New York City Mayor Bloomberg Takes Heat for 'Inebriated Irish' Joke

New York City Mayor Michael Bloomberg was defending himself Thursday after he learned the hard way that jokes about the "inebriated Irish" do not go over well with an Irish audience, MyFoxNY reported.

The mayor's stand-up act fell flat Wednesday night when he told a crowd at the American Irish Historical Society that he's used to seeing drunks hanging out the windows of its Fifth Avenue headquarters, around the corner from his town house in NYC, the Irish Central Web site reported.

"I live in the neighborhood, right around the corner," the mayor said. "Normally, when I walk by this building, there are a bunch of people that are totally inebriated hanging out the window. I know that's a stereotype about the Irish, but nevertheless, we Jews around the corner think this."

The remarks were met with a combination of laughs, boos and groans.

"He was trying to be funny," one official in the audience later told The New York Post. "It wasn't funny. Some people took it as a personal or ethnic [slur]."

This isn't the first time the mayor's inappropriate choice of words has raised eyebrows.

Last year, during a trip to Hong Kong, he asserted that incoming members of Congress "can't read," to make the point that they're unprepared on international issues.

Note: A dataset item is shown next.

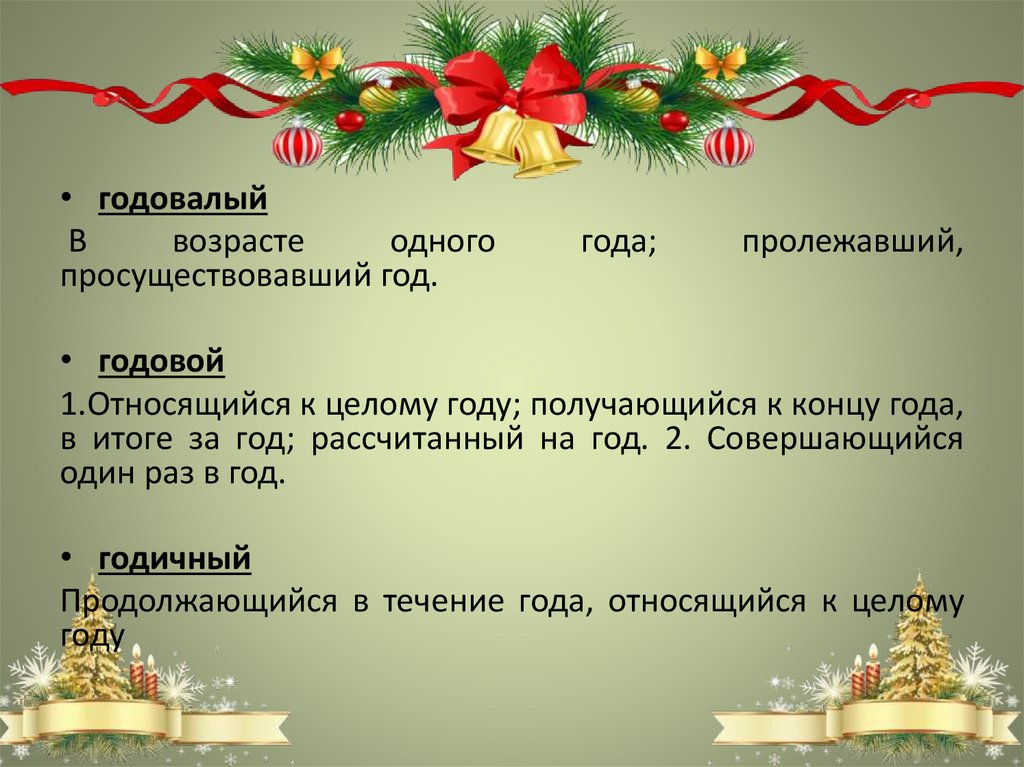 Скоро, скоро Новый год. Год. Образуйте отслова «год» при помощи различных
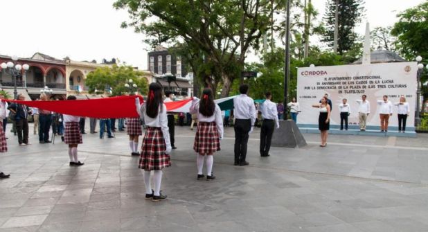 CÓRDOBA, VER.- Autoridades municipales encabezados por el presidente municipal de Córdoba, Juan Martínez Flores, ediles y alumnos del telebachillerato de Agustín Millán, conmemoraron el 55 Aniversario de los Caídos en la Lucha por la Democracia de la Plaza de las Tres Culturas en Tlatelolco.

Brian O'Dwyer, a prominent Manhattan lawyer who has worked with the mayor on Irish causes, chastised him for "engaging in stereotypes."

"It's unfortunate. The mayor has been great on Irish issues -- the peace process and immigration," O'Dwyer added.

"I wish he hadn't said it. It wasn't funny. But we're willing to forgive him."

Even City Council Speaker Christine Quinn, the city's top Irish-American official and a Bloomberg ally, took him to task.

"Given the mayor's long history of support for the Irish community, his remarks last night were both surprising and inappropriate," said Quinn, who didn't attend the event celebrating publication of a book about the 250th anniversary of the St. Patrick's Day Parade.

But like O'Dwyer, Quinn was quick to forgive.

"I am pleased to hear he has since apologized, and while he should not have said it, he has a great record on the issues. Let's move on," she said.

Bloomberg insisted he was merely trying to inject "good fun" into the book event, and wasn't out to denigrate anyone.